-
-
Notifications
You must be signed in to change notification settings - Fork 346
Description
Describe the bug
Some of the Child runners EC2 instances are not going to terminated state even after it is showing in the CloudTrail logs that it is transitioning from stopping to shutting-down state. This is keeping some of the Child runners EC2 instances in the stopped state for a long period of time and during the roll out of runners, there is a need to manually delete that.
To Reproduce
Steps to reproduce the behavior:
- Unable to reproduce this issue manually since we are using same module for spinning up multiple runners but it is happening intermittently.
- Try going to the AWS Console and filter out EC2 instances using the
gitlab-runner-parent-id=<parent>
and search for Stopped instances.
Expected behavior
- No instances should be in Stopped state. Every child runner EC2 instances should be in Terminated state.
- This hinders the roll out of new runners since we destroy every resources (security groups, etc.) and since the instances are in stopped state, security groups are attached and the destroy resources fails. Then, we have to manually terminate those instances after which the resources are destroyed and recreated.
Additional context
I checked with the AWS Support folks as I thought this may be an issue from their end but they replied with this:
Issue Summary:
Child instances from one specific ASG are not completing termination
Instances reach "shutting-down" state but don't complete termination
Other ASGs with identical configurations are working as expected
AWS services (API calls, permissions) working as expected
Architecture Overview:
ASG launches parent EC2 instances (GitLab Runners)
Parent instances create child instances for jobs
After job completion, child instances should terminate
Parent instances remain running for future jobs
Our Investigation:
==============
We've verified AWS service functionality:
CloudTrail logs show successful TerminateInstances API calls
IAM permissions are working correctly (evidenced by other ASGs)
No termination protection issues (confirmed disabled)
ASG and lifecycle hook configurations are identical across groups
Key Findings:
As per cloudtrail, termination API requests are being called.
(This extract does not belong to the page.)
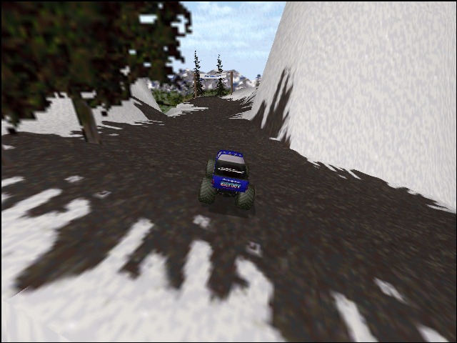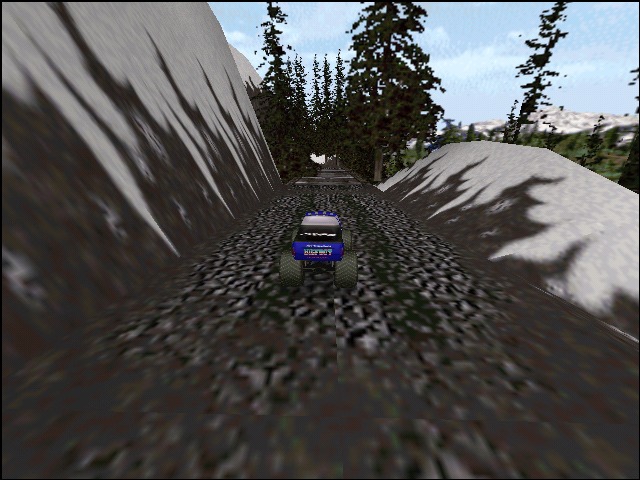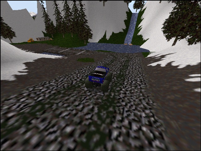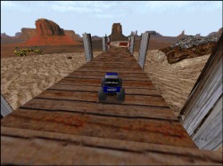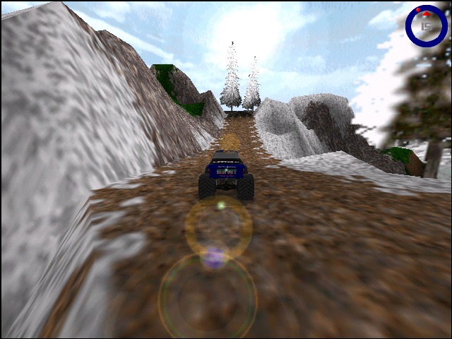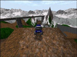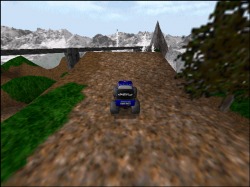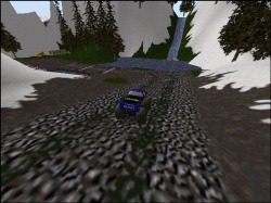 (Sight Lines) An often overlooked aspect of track making are sight lines. What are sight lines? Sight lines are the visual cues we provide racers so they know where the course is leading them. On a track like Crazy98, and others like it, this isn't really an issue because the road is clearly visible directly in front of you at all times. However, this is not always the case with many custom tracks. For the purpose of demonstrating good examples of sight line strategies, we'll look at Bobsled Rally Way by Spider, Snowbound TOC edition by Skyman, and Lakebed Extreme by GTX_Valvejob. Bobsled Rally WayThe first location we're interested in is the mid-race convergence of railway and roadway. The textures are a multitude of color and the correct path is by no means obvious. ![]() As you come up the hill toward the intersection, the surrounding terrain and direction of the road suggest the course should go straight. ![]() It is therefore very easy to imagine yourself going straight, and finding yourself on the wrong road, probably crashed, and out of the race. To help racers, Spider provides two visual cues. The first is the tree on the right; the second is the dirt texture leading right. After a few practice laps, the racer learns these visuals are unique to this location and are an aid in determining the correct driving line to follow. ![]() This intersection would be particularly devastating were it not for the visual references provided by the maker. For instance, moving forward just a couple hundred feet (in the correct direction), we are immediately confronted by yet another directional problem. ![]() Following this jump is a huge drop down to a large lake surrounded by some pretty rugged terrain. The approach gives no indication of what's to come, and a minor slip will put you on the roof with the potential of even losing your way. A good landing is crucial to a good lap. To assist in this task, Spider has planted two snow-capped, very tall trees that mark the landing area edges. The tips of these trees are visible from the approach to the jump and despite the obscurity of the drop, they very clearly mark where a racer wants to go in much the same way as the sights on a rifle show the marksman the trajectory of a bullet. In this way, a racer is able to 'thread the needle' so to speak. ![]() It is easy to take such markings for granted, but you better believe each and every visual cue has been inserted with an eye to providing clear sight lines. There is no coincidence or accident here. Everything has been done deliberately. A second example of the 'gun sight' strategy is found here. A road that approaches a blind spot straight on, and continues straight after the leap doesn't need obvious markers such as these. But when the jumps and blind spots occur in the middle of a bend, the markers can be the difference between a successful lap, or a crash. ![]() The last example from Bobsled Rally Way is quite the opposite of the thread the needle technique. In this spot, the roadway gives every indication of continuing straght but actually curves to the left up at the end. In order to prevent racers, who might be caught up in the heat of a race, from allowing their momentum to carry them straight and therefore up and out of the race, Spider plants two large trees smack dab in what appears to be the middle of the road. ![]() Racers may not recognize immediately which way the road veers off, but they can be confident that it does not continue onward. Knowing where NOT to go is sometimes as important as the correct direction. SnowboundSkyman uses the same barricade idea in Snowbound. ![]() He also threads the needle when he needs to. ![]() Viewing distance and momentum can conspire against a racer. At this spot, the road travels downhill, allowing a racer to gain considerable speed. The road is straight and sits in a hollow. Just ahead is a river/water fall which is also straight and sits in a v-shape in the terrain. We have our doubts about continuing through a river, but stranger things have been known in custom tracks. The atmosphere is one of speed. And, the combined effect of road, terrain and momentum lulls us into a false sense of security. We push forward at full throttle. ![]() Or rather, we go full throttle until we reach the bend in the road, at which point the brakes come on hard... often to no avail. ![]() Many a racer has washed their tires in that pond, and several have undoubtedly tasted the snow upside the opposite hill. A similar situation, but one that's handled adeptly, happens here. In this case, the road is a lengthy straight-a-way with a tunnel-like feel (mountains on the left, tall trees on the right). The two trees in the distance create the illusion of a threaded needle passage, and so the racer feels confident in their high speed approach. ![]() But that's as far as this decoy goes. The tree-line barricade quickly comes into view, thus preventing or at least discouraging an over-shoot at the curve ahead. ![]() Now, of course, you object: this is all well and good, but I'm not making a mountainous track with snow and pine trees; using these ideas will appear gimmicky in my track. And you'd be right. But remember, Bobsled Rally Way and Snowbound were chosen because they exemplify the topic at hand. How you provide visual cues is entirely up to you, and the context within which you're working. But the principles are the same regardless of the specific track environment. Namely, to include aids that point the way for racers in hard to navigate areas of your track. Lakebed ExtremeIn this example, we drive along the dock of what used to be a lake. The end-of-road barricade works the same here as it does above, with the added bonus that the boat tilted on its side is also pointing in the direction in which you must turn. Despite the lack of actual road and direction signs, there should be little doubt about where you must go next. ![]() Checkpoints do not occur in nature. They ar
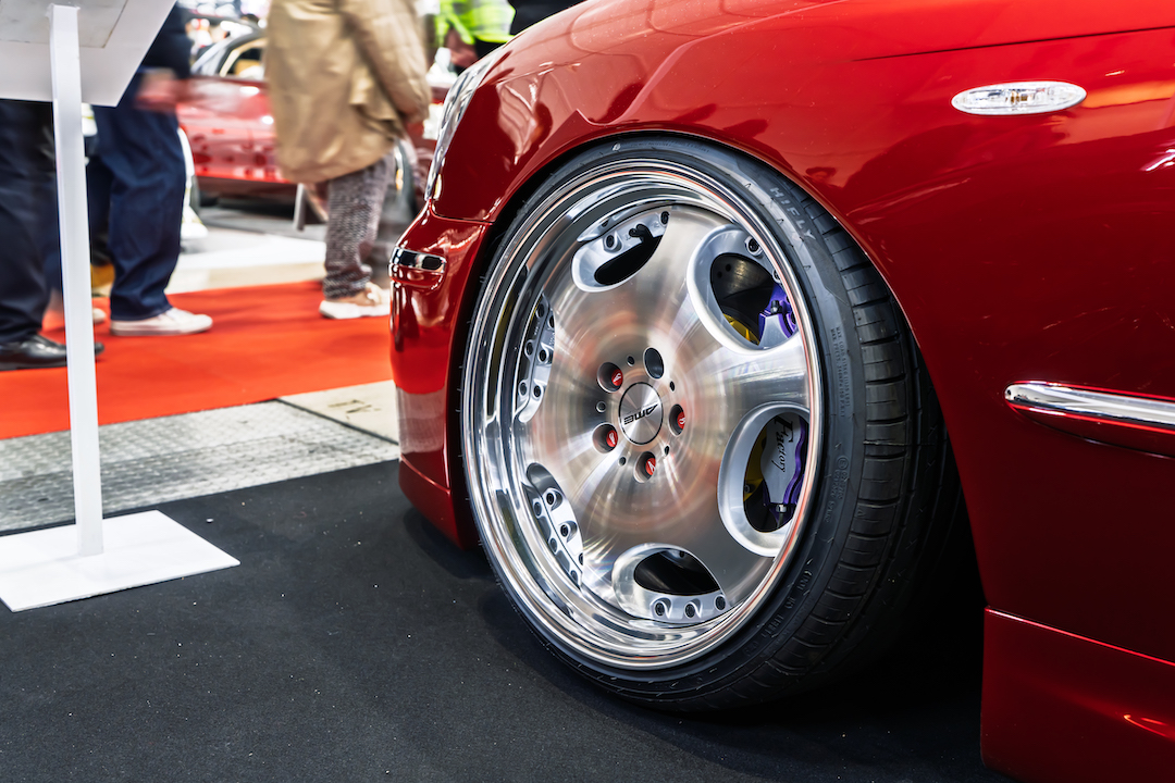 ホイールもBBS LMからAME シャレンLXに履き替え。イデアルの足まわりでガッツリとローダウンし、19インチのシャレンLXで実現したツライチも絶対必見だ。

Instances successfully transition to "shutting-down" state
No API throttling or permission issues detected
Infrastructure-level configurations are consistent across ASGs
==> Since AWS services are functioning as expected, we recommend:
Engaging your application team to investigate instance-level shutdown behavior
Reviewing instance termination calls from parent to child instance.
Analyzing application logs on parent during termination attempts.
As part of AWS Support's scope, we can provide comprehensive guidance on AWS infrastructure components, while application-specific troubleshooting such as GitLab Runner configurations or instance-level processes would be best addressed by your application team. Hence please check the code related components with the development team as they would be best to provide an expertise on that.
If you guys have any feedback on something I may have misunderstood/misconfigured I'm more than happy to read it.
Best regards & keep up the good work!